One morning, she woke up with a vision. She recalled decades earlier, while living in Kansas City, going to a Westport coffee shop for coffee, bagels and conversation with a friend. “There was a comfort zone there,” she recalls. “There were no coffee shops like that in Wichita. Everything here was so full of smoke. I wanted to recreate that comfortable atmosphere, so I too would have a place to go.”

A Cool Idea
Gelato wasn’t always part of the plan. It was during a month-long trip to Europe in April 2006 that she and a close friend, Christopher Templeton (an actress from The Young and the Restless) discovered a frozen dessert with a third of the fat found in ice cream. “It was the one and only thing we looked for,” she says.

When Janet returned to Wichita, she dived headfirst into the restaurant business. “As a radiation technologist, I’m all about research,” she says. “I research things to death.” In December 2006, she attended Frozen Dessert School in Florida and learned to make ice cream and gelato. She custom-ordered a gelato display case, one of three of its kind in the world, from Italy and asked the distributor to have it painted Ferrari-red to match the shop’s espresso unit. “It’s the only Ferrari-red gelato machine in the world,” she says. She attended trade shows, coffee festivals and frozen dessert conferences. She began reading magazines like Restaurant Owner and Imbibe. She ordered gourmet coffee beans from countries like Costa Rica and Ethiopia. (In fact, Caffé Moderne pays more for its beans at wholesale prices than Starbucks sells at retail prices, she says.) She had a special water filtration system installed for the coffee. She renovated a space in Old Town Square with an Art Deco design—complete with marble-tiled walls, a long wooden bar and neon green lights. “It sort of reminds me of Casablanca,” she says. “It reflects that feel-good era when people treated each other with respect.”
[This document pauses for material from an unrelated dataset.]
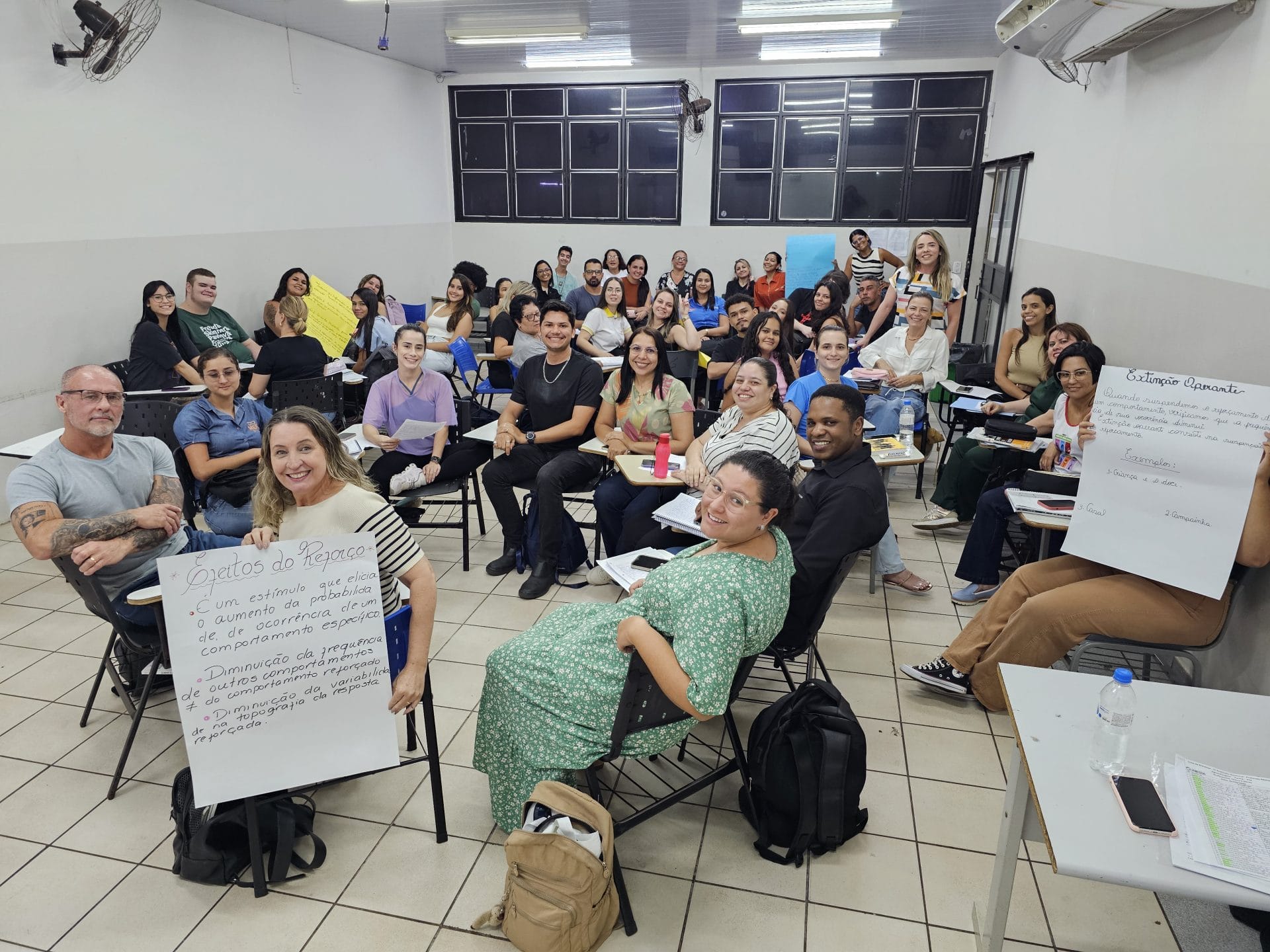 Durante a aula, conceitos fundamentais como modelagem, consequências, reforço e extinção foram mais do que explicados: foram experimentados em situações reais e simuladas, permitindo aos estudantes compreenderem de forma concreta como esses princípios se aplicam no comportamento humano e nas intervenções psicológicas.

Finally, in mid-March of last year, Janet opened Caffé Moderne. She began hearing positive feedback almost immediately. “People were coming in and saying, ‘Thank you. We’ve needed this for a long time,’” she recalls. A year after opening, the restaurant is usually packed for lunch and a popular place for coffee, gelato and conversation in the evenings. Local artists have flocked to the eatery and now comprise the majority of Caffé Moderne’s wait staff. “We’re a little like family,” says Janet. “They’re an amazing group.” The restaurant showcases a different artist’s work each month, and local musicians often perform on Friday and Saturday evenings. Janet also invites employees to create new gelato flavors with fresh ingredients. Of the 15 flavors in the display case, Caffé Moderne often has everything from a White Russian to the bestselling peanut butter chocolate, though it varies every day. Janet takes such pride in the gelato’s quality that she once refused to sell a mixture of chocolate and lime to a customer. “My employees sometime joke that I’m the Gelato Nazi,” she says.

Despite working seven days a week, Janet finds time for life outside work. She often takes friends up in her plane, a Cessna 172 nicknamed Angel. During Halloween and Christmas, the Rines decorate their College Hill home with elaborate decorations. And Janet’s 83-year-old mother, nicknamed Mimi, often helps make gelato.

A year after opening the successful downtown eatery, Janet hopes to expand Caffé Moderne’s concept. She recently added soups made from scratch to the menu. She’s also exploring the idea of bringing the restaurant to other markets. “For some reason, I just have to keep taking it a step up,” she says. Caffé Moderne is also expanding to the space next door, adding a conference room and bringing in another display case for gelato to go.

Reflecting back on it all—her battle with cancer, her time as the Dragon Lady and her venture as a restaurateur—she says, “Remember, even when you’re beat down, you can always come back. After all, you only have one life.”